__Problem to solve__
Starting with the line that includes "Colar pingente coraçao zirconias baguete", write out every remaining line of the records below exactly as it appears, leaving out any images.

__Information given__
== Segment start ==

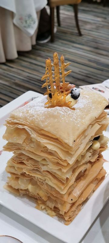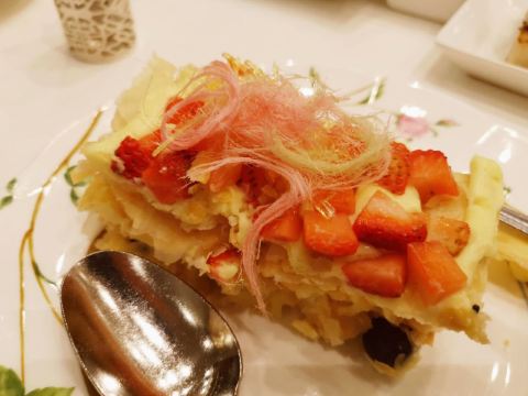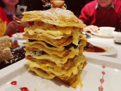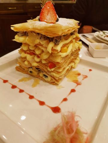 空空游记北京有名的拿破仑酥 排队超过一个小时都不在话下的餐厅 🌈位置 王府井大街269号王府中环东楼4层 🚞出行方式 地铁一号线王府井下 🌿环境 面积超级大,很富贵厅堂 搭配的不是轻音乐 是嘈杂的洗盘子声音 落盘子,码盘子声音很大 感觉跟这里的装饰格格不入😱😱😱 101鲜果拿破仑^ 1⃣️酥 每一层黄油,每一层面都是那么酥 脆得不行不行,感觉很棒👍🏼 2⃣️新鲜 水果很多,蓝莓,芒果,黄桃等等 每一层一个样子,很不错 3⃣️甜 味道偏甜,口感还可以 👫服务 收取10%服务费 在切食品时告诉我,您剩下的食品也可以自己切 请问服务费体现在何处? 不知道哦,也许我这种没有见过大台面的人理解不了
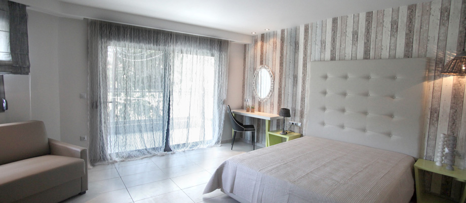 Struktura soba: Luxury room - 18-22m2, sa pogledom na brdo ili more, predviđeno za 2 osobe. Luxury room za 3 osobe - 22-25m2, sa pogledom na brdo ili more, predviđeno za 3 osobe (francuski krevet plus sofa). Family suite - 35 m2, namenjen za 2-4 osobe( odvojena spavaća soba sa francuskim ležajem i dnevni boravak sa dve sofe). Superior soba sa pogledom na more - 30 m2, namenjena za 2-4 osobe (francuski ležaj i sofa na razvlačenje).
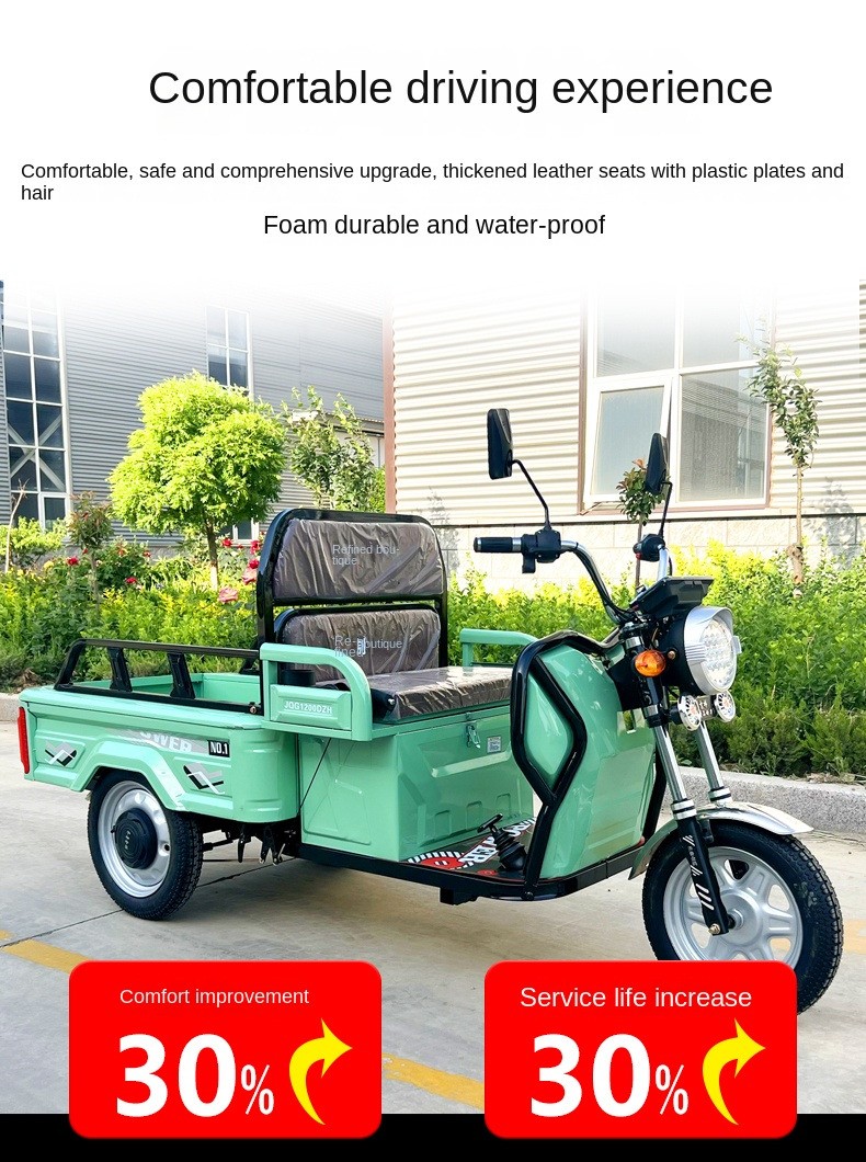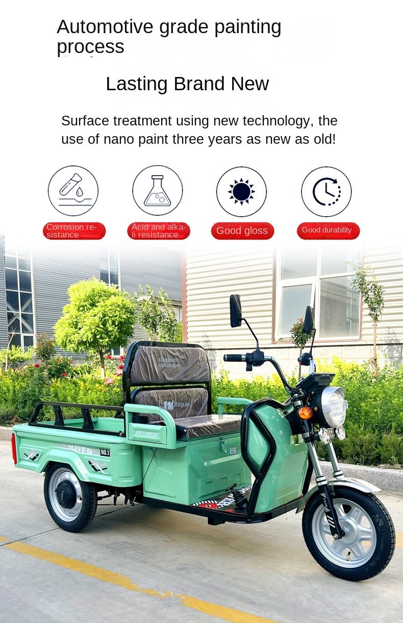 Product name : Quality Electric 1200w Motor Three-Wheel Cargo Tricycles Open Body Dumping Mobility for Family Use 48v Voltage Gasoline Driving
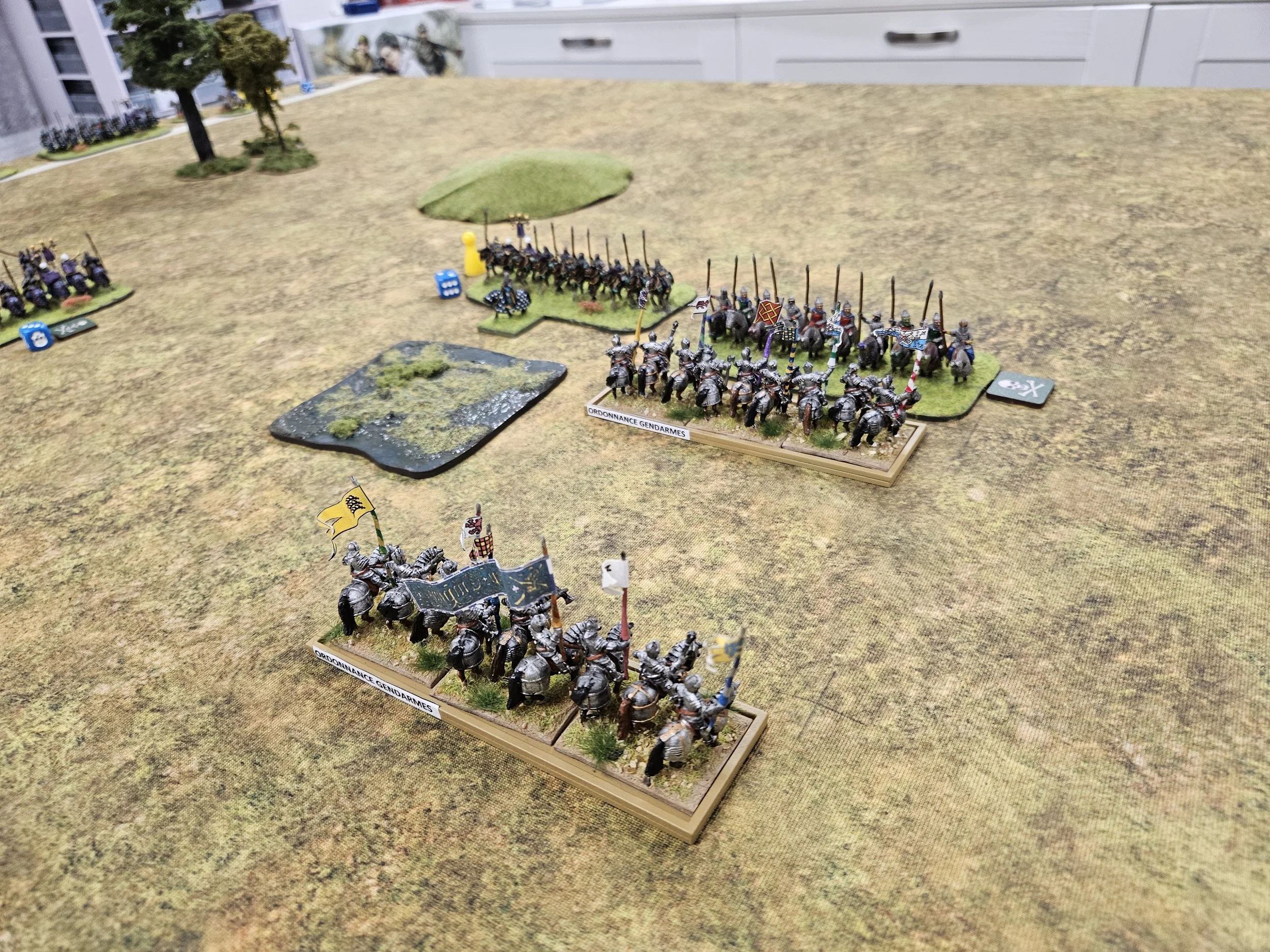 Not a game with a huge amount of tactics in it: the Burgundian missile-fire was exceptional throughout right across the army, which meant I was generally charging disordered units when it came to melee…and there’s nothing a Gendarme likes better than riding over disordered troops!
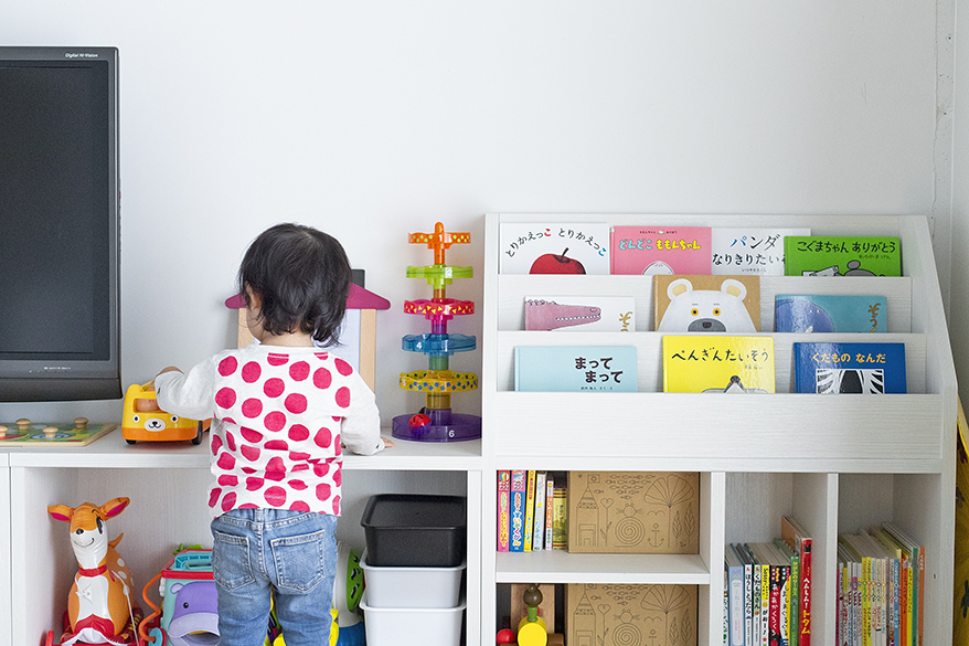 子供室は真っ白な空間に、(見えないけど)水色のクロスがアクセントに。真っ白な本棚、整理整頓
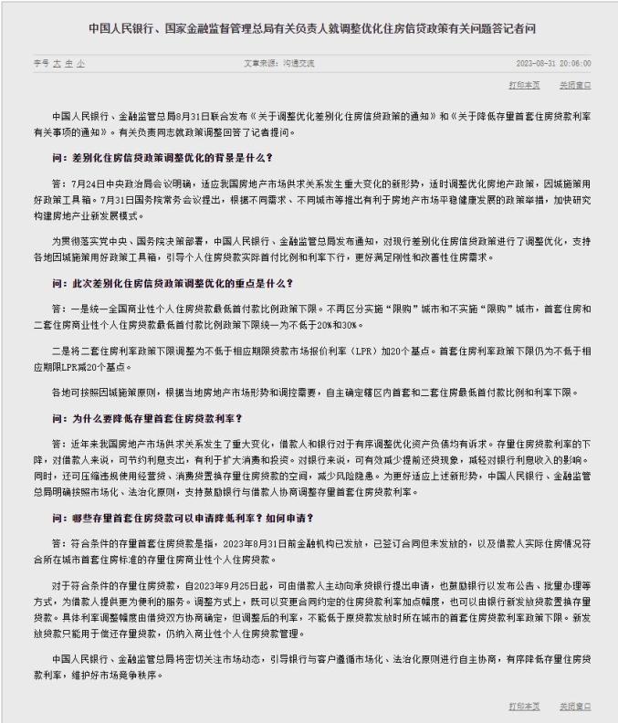 中国人民银行、国家金融监督管理总局有关负责人就调整优化住房信贷政策有关问题答记者问
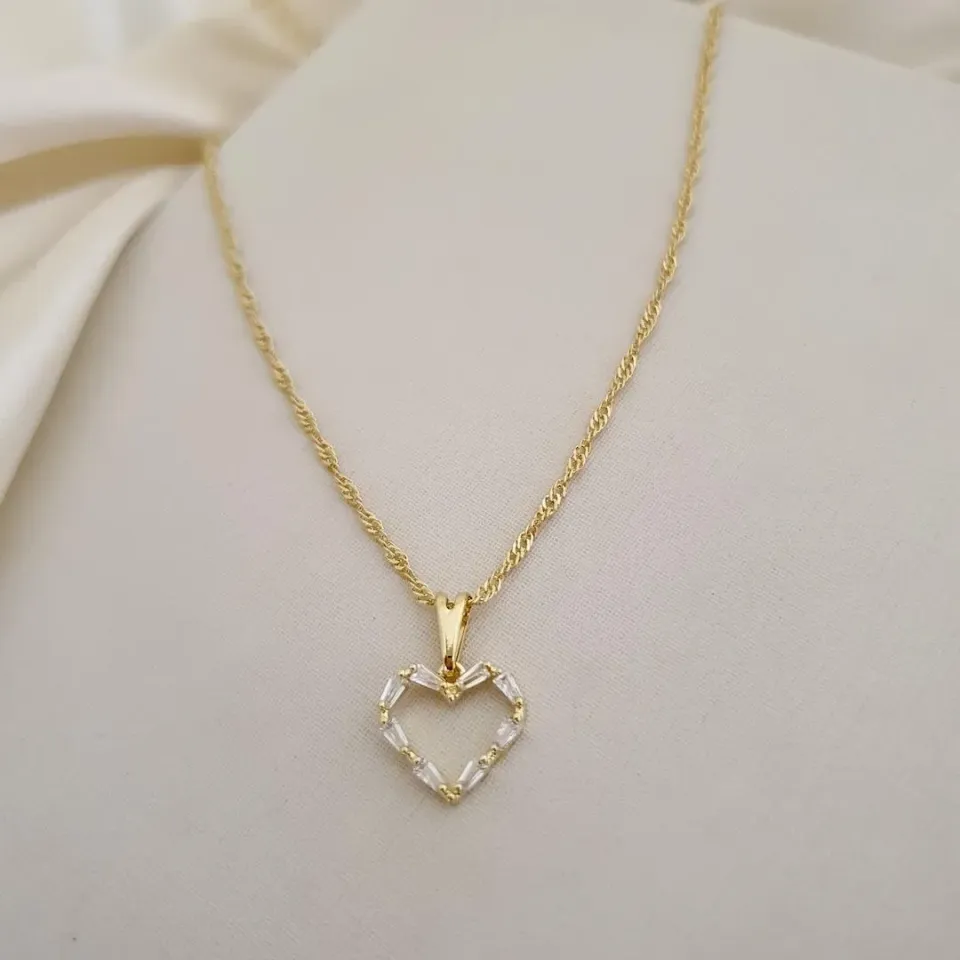 Colar pingente coraçao zirconias baguete
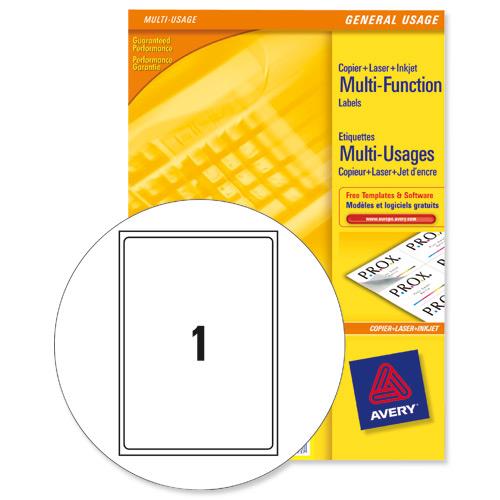 Avery Multipurpose Label Laser Copier Inkjet 1 per Sheet 210x297mm White Ref 3478 [100 Labels]

== Segment end ==

__Your response__
 Colar pingente coraçao zirconias baguete
 Avery Multipurpose Label Laser Copier Inkjet 1 per Sheet 210x297mm White Ref 3478 [100 Labels]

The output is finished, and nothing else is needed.